::: Records for this exercise :::

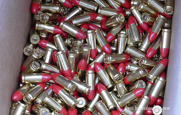 ベレッタのブースで見かけた弾頭にピンクの樹脂コートされた9mm弾。
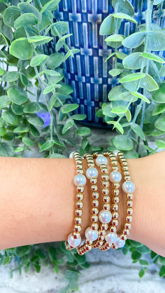 "Yours Always" Gold Beaded & Pearl Stretch Bracelet
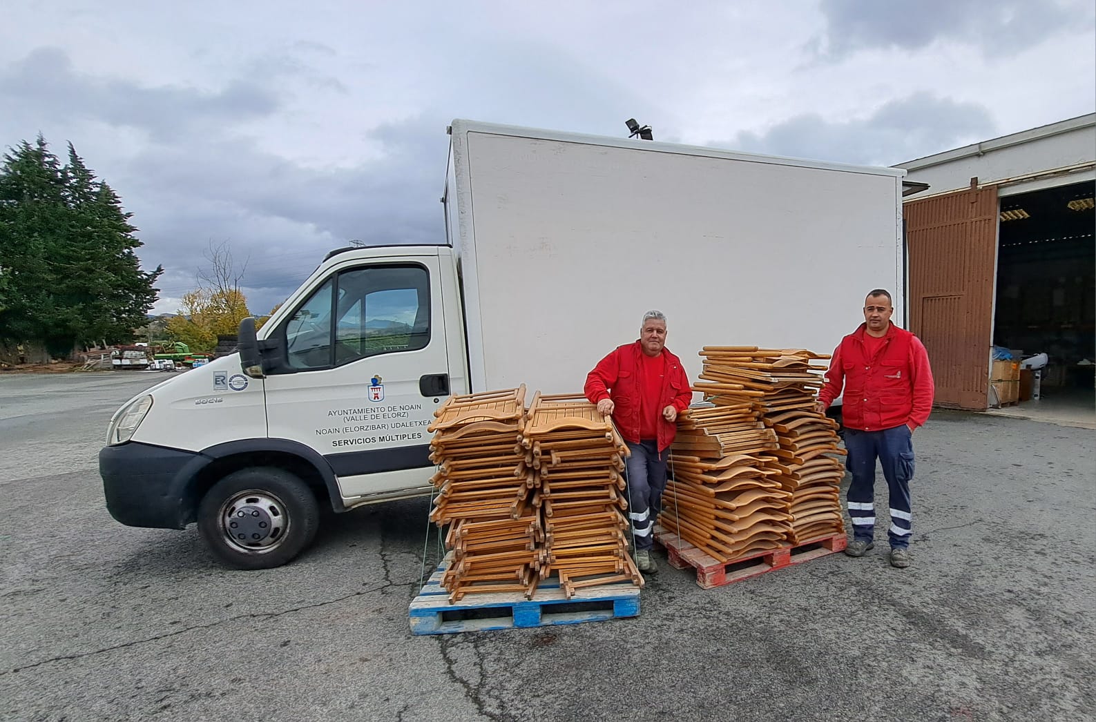 El día 20 de noviembre de 2024 hemos recibido la donación de 2 palés de sillas plegables que amablemente han traído hasta nuestras instalaciones los operarios del Ayuntamiento de Noáin (Valle de Elorz) en Navarra.
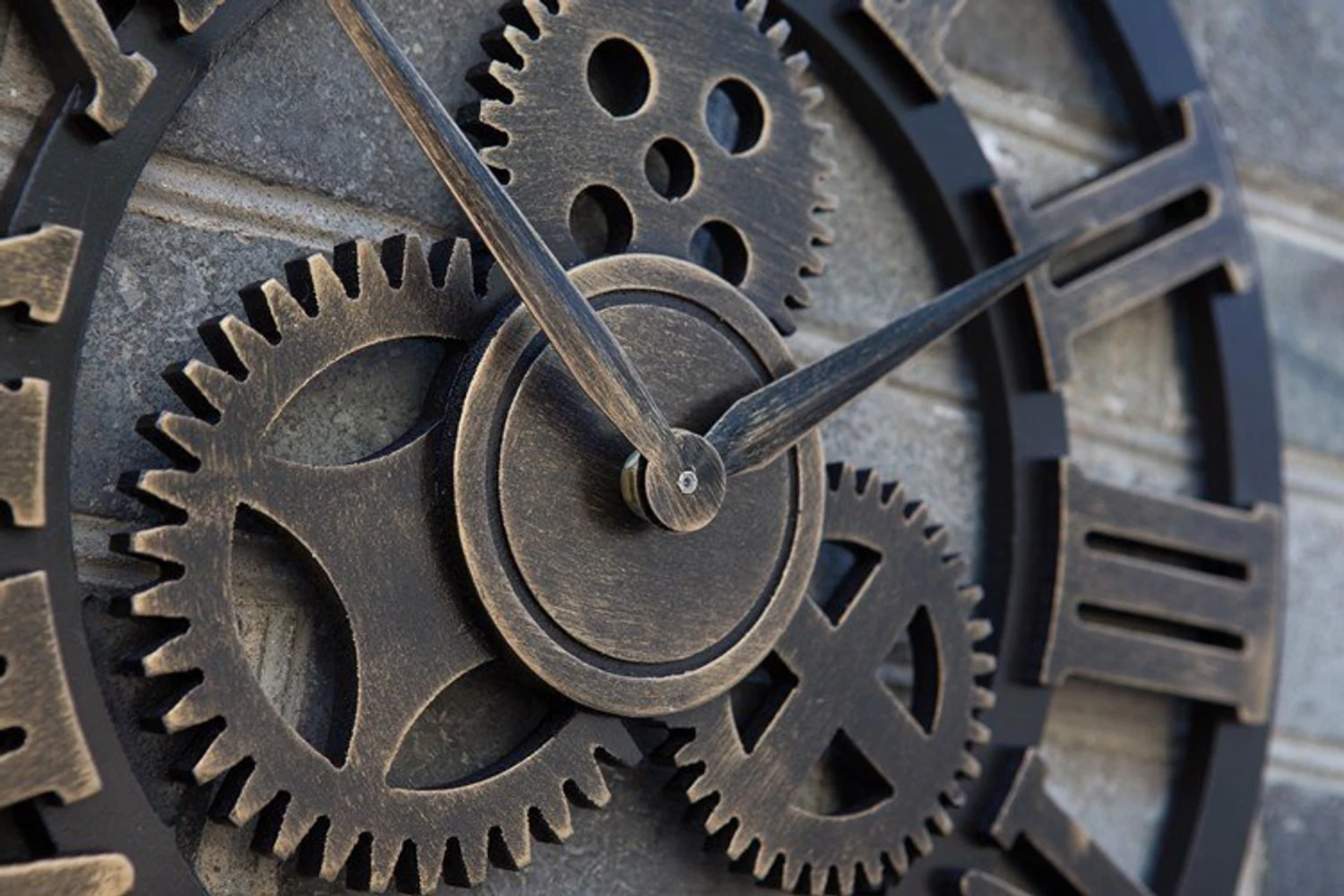 This is a handmade large vintage-style decorative wooden wall clock designed with a big gear decoration and full of metallic texture, art, and industrial framing.
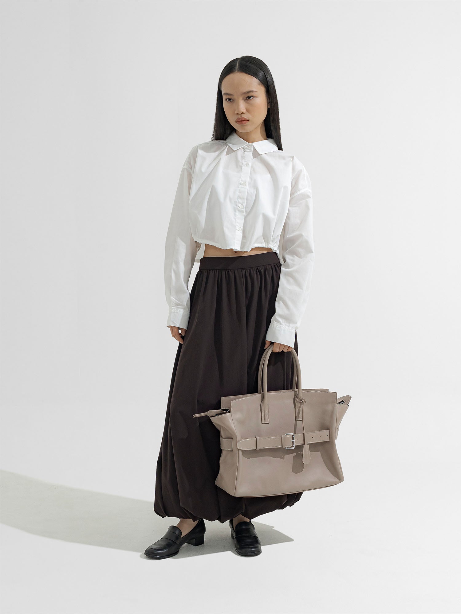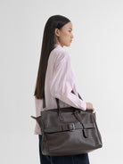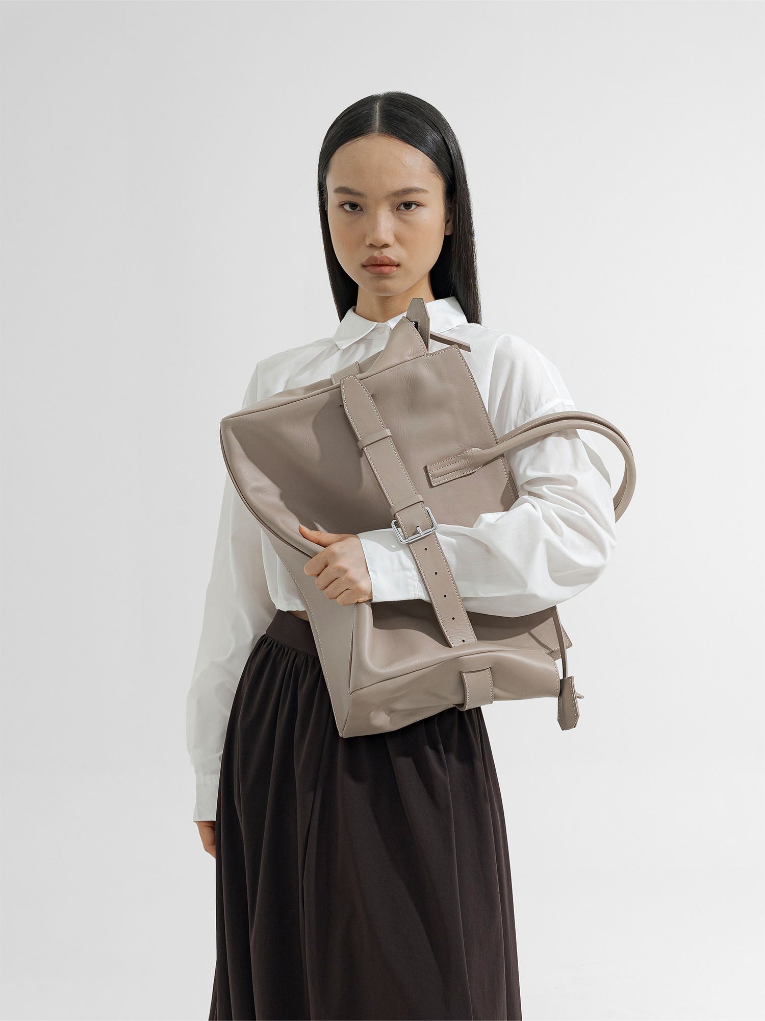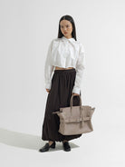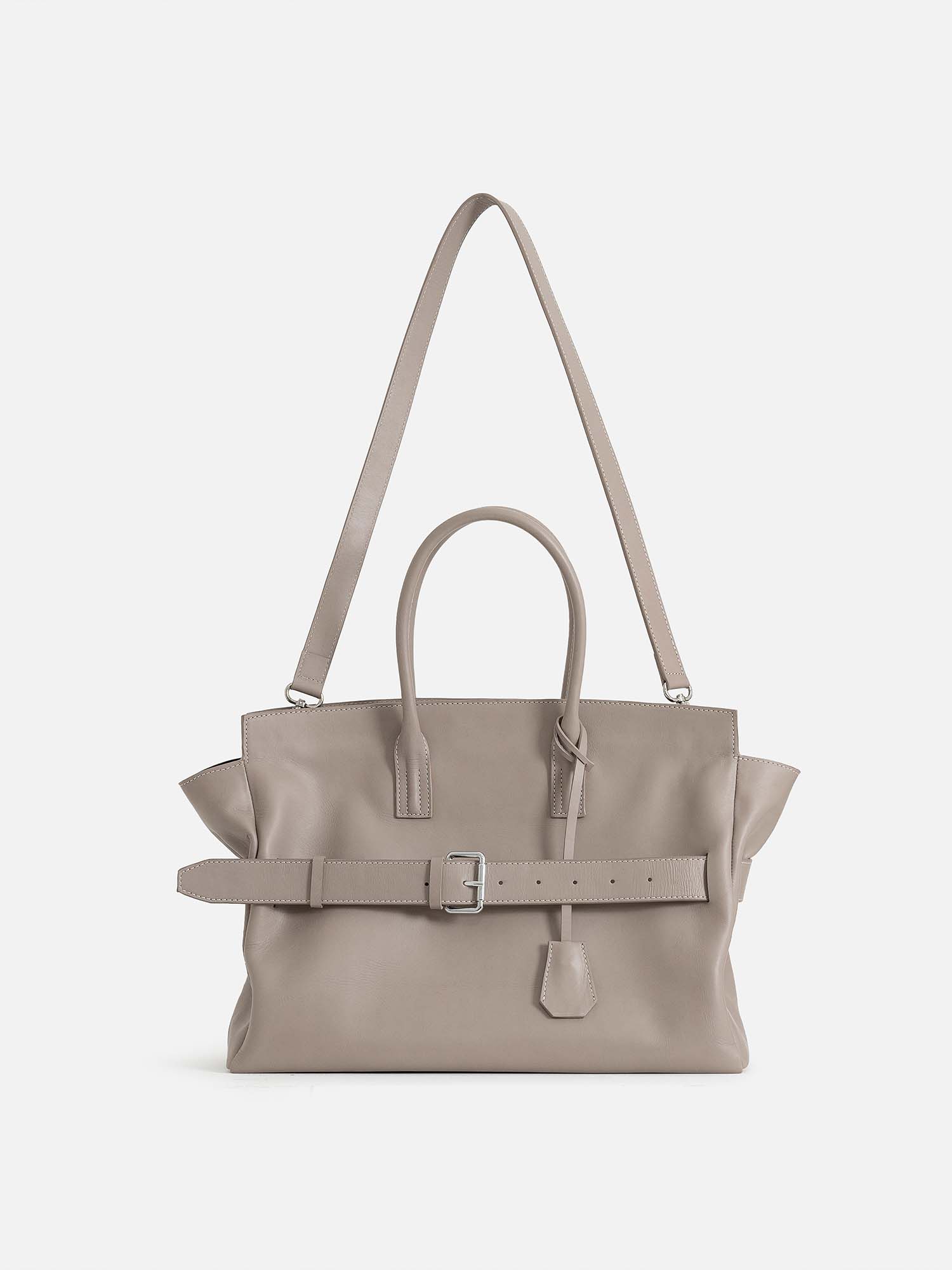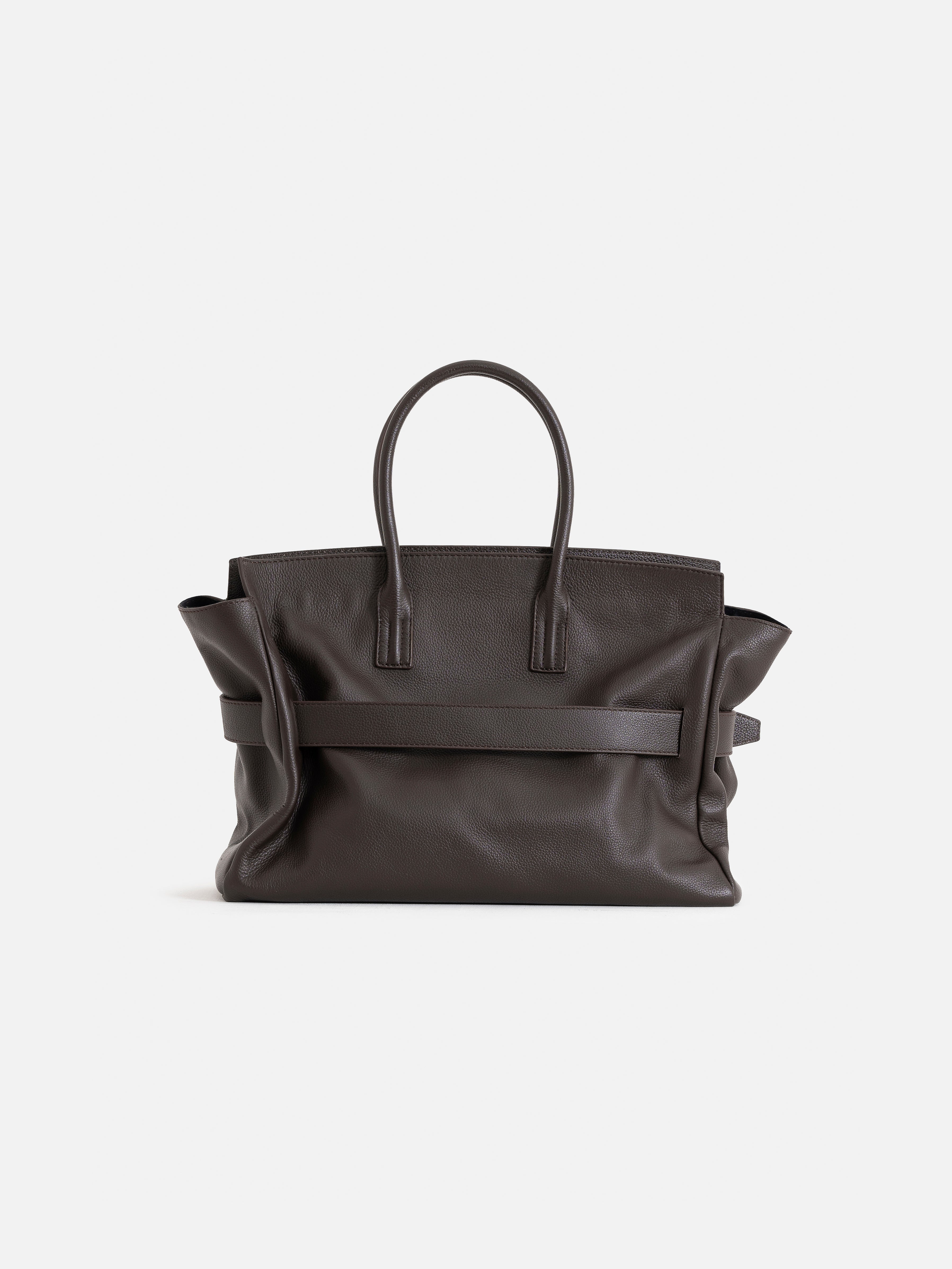 The Affix Bag is a bold and spacious statement piece designed for versatility and functionality. Featuring a structured yet slightly slouchy silhouette, it balances a refined aesthetic with everyday practicality. The top tubular handles allow for a comfortable grip, while the detachable strap provides the option to wear it over the shoulder.
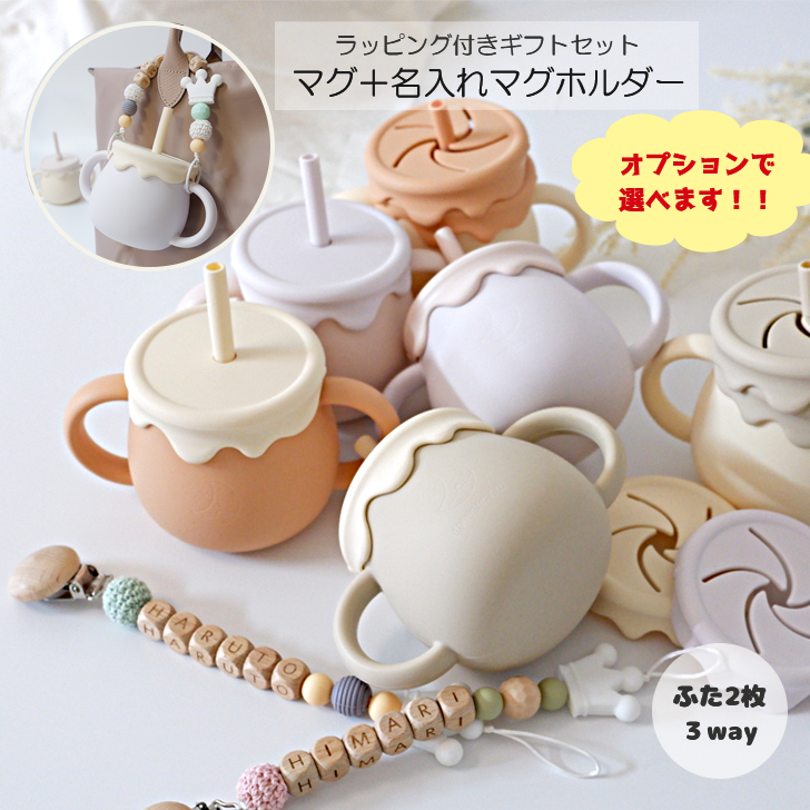 ベビー マグ スナックカップ マグホルダー付き 3way シリコン おやつケース ベビーマグセット シリコンマグカップ スナックカップ スナックケース 名入れ
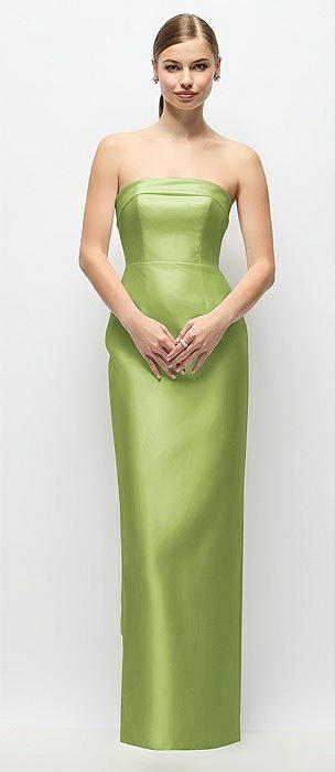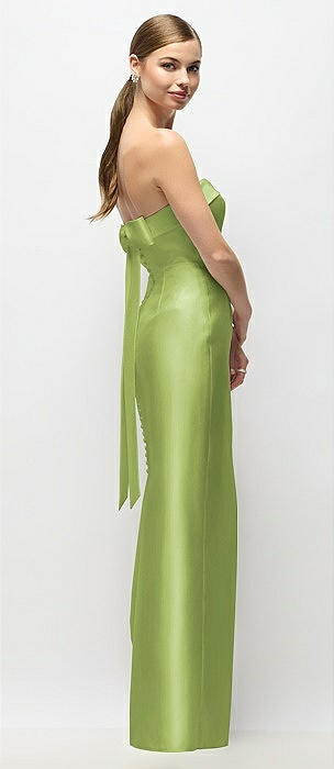 Strapless Cuff Satin Maxi Dress with Column Skirt & Back Bow in mojito
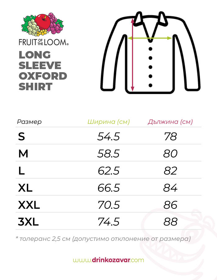 Мъжка официална риза Оксфорд с дълъг ръкав и джоб на Fruit of the Loom. Плътната материя и високото съдържание на памук я правят изключително удобна и приятна за ежедневно употреба.
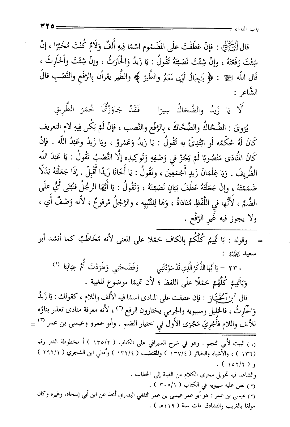 قال ابن الخباز: فإن عطفت على المنادى اسمًا فيه الألف واللام, كقولك: يا زيد والحارث, فالخليل وسيبويه والجرمي يختارون الرفع, لأنه معرفة منادى تعذر بناؤه للألف واللام فأجري مجرى الأول في اختيار الضم. وأبو عمرو وعيسى بن عمر =

:::

_Try it_:
All that is needed is an exact copy of the lines from the line with "Мъжка официална риза" through the end of the listing, both ends included, with no pictures.

_Result of the exercise_:
 Мъжка официална риза Оксфорд с дълъг ръкав и джоб на Fruit of the Loom. Плътната материя и високото съдържание на памук я правят изключително удобна и приятна за ежедневно употреба.
 قال ابن الخباز: فإن عطفت على المنادى اسمًا فيه الألف واللام, كقولك: يا زيد والحارث, فالخليل وسيبويه والجرمي يختارون الرفع, لأنه معرفة منادى تعذر بناؤه للألف واللام فأجري مجرى الأول في اختيار الضم. وأبو عمرو وعيسى بن عمر =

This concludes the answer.